En Adviento y Navidad, la Palabra de Dios nos llama insistentemente a la alegria. El tercer domingo de Adviento escuchamos la exhortación de san Pablo a los cristianos de Filipo: “Alegraos siempre en el Señor; os lo repito alegraos”. El mismo Apóstol les da la razón para ello: alegraos, les dice, porque ‘el Señor está cerca’ (Flp 4, 4-5). También la presencia de Jesús y su nacimiento en Belén son fuente, anuncio y motivo de alegria. Juan Bautista saltó de gozo en el seno de santa Isabel al sentir la presencia del Verbo Encarnado (cf. Lc 1, 45). A los pastores se les anuncia “una gran alegría, que lo será para todo el pueblo: hoy os ha nacido en la ciudad de David, el Salvador, que es el Cristo, el Señor” (Lc 2, 11). Los Magos, al volver a ver la estrella que les conducía al Rey de los Judíos, “se llenaron de inmensa alegría” (Mt 2, 10).
En todos estos casos, la fuente y el motivo para la alegría son que Dios mismo viene a nuestro mundo en nuestra carne para comunicarse con nosotros. El Hijo de Dios se hace hombre, asume nuestra naturaleza humana y entra en la historia humana para sanarnos y salvarnos, para darnos su amor y su vida. En Jesús, “Dios invisible habla a los hombres como amigos, movido por su gran amor y mora con ellos, para invitarlos a la comunión consigo y recibirlos en su compañía” (Concilio Vat. II, DV 2).
La alegría cristiana nace de la fe en Cristo y del encuentro personal con él; un encuentro que sana y purifica, que perdona y salva, que nos hace hijos de Dios, en su Hijo Jesús, que nos da la vida eterna y feliz. El encuentro con Cristo llena el corazón y la vida entera. Como nos dice el papa Francisco, “quienes se dejan salvar por Él son liberados del pecado, de la tristeza, del vacío interior, del aislamiento. Con Jesucristo siempre nace y renace la alegría” (EG 1).

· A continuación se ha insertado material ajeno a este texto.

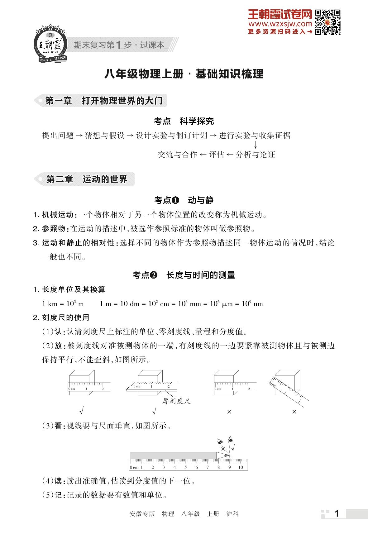 王朝霞期末知识梳理——第二章 运动的世界八年级上册物理(沪科版)

La alegría cristiana no es pues algo superficial y efímero. Se trata de una alegría profunda, que llena la vida de luz, de paz, de horizonte y de esperanza. Es la alegría de quien en lo más íntimo de su corazón, aún en la mayor dificultad, en la enfermedad y en la muerte, se sabe siempre, personal e infinitamente amado y acogido. La alegría cristiana brota de la certidumbre de que Dios nos ama y está siempre a nuestro lado como el amigo fiel, en la alegría y en el dolor, en la salud y en la enfermedad. Y esta alegría permanece en cualquier prueba. Porque en todo momento la persona confía en Dios.
Podemos y debemos alegrarnos por la venida de Dios en Belén, por su presencia entre nosotros. Está en nosotros acogerle y dejarnos llenar de su amor. Dios es eternamente fiel a su palabra y a su designio de amor por cada ser humano.